Function calls are not free. They add to the amount of work that the LLM has to do, and they set a floor on how simple and stupid the LLM can be. Function calls are important and necessary because they allow the LLM to manage its context window. By calling a function and adding the result to its context window, the LLM can know things that you haven't explicitly told it. This is key for retrieval augmented generation (RAG) which applies function calling to databases and search engines, typically using similarity searches based on embedding models and vector databases for leverage.
Self Calling
Because the LLM has the ability to call tools, we can create tools which enable the LLM to talk to themselves and leave notes.

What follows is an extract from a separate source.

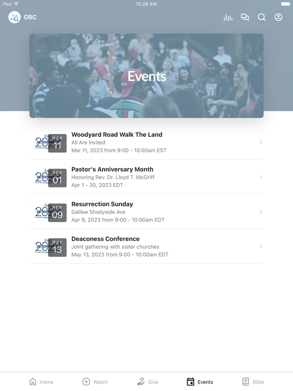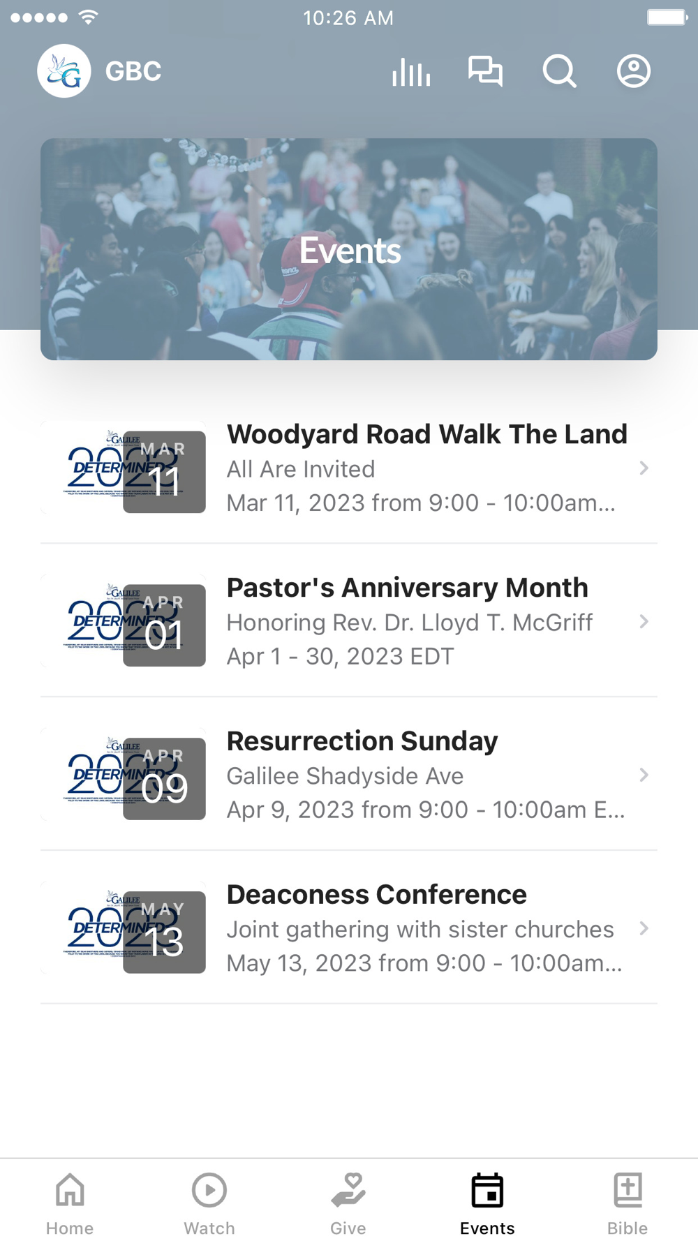This app will help you stay connected with the day-to-day life of Galilee Baptist Church. With this app you can: watch or listen to past messages; stay up to date with push notifications; share your favorite messages via Twitter, Facebook, or email; and download messages for offline listening.

For example, we can create a tool that says "store some relevant information about this chat" and when its called, the program puts it in a datastore (database or memory) and returns success. Later, the LLM can query for that information in another chat and recall it.
This is basically the Memento strategy applied to LLMs: you wake up every day as an amnesiac, and you work out who you are and what you're supposed to do from the notes to yourself.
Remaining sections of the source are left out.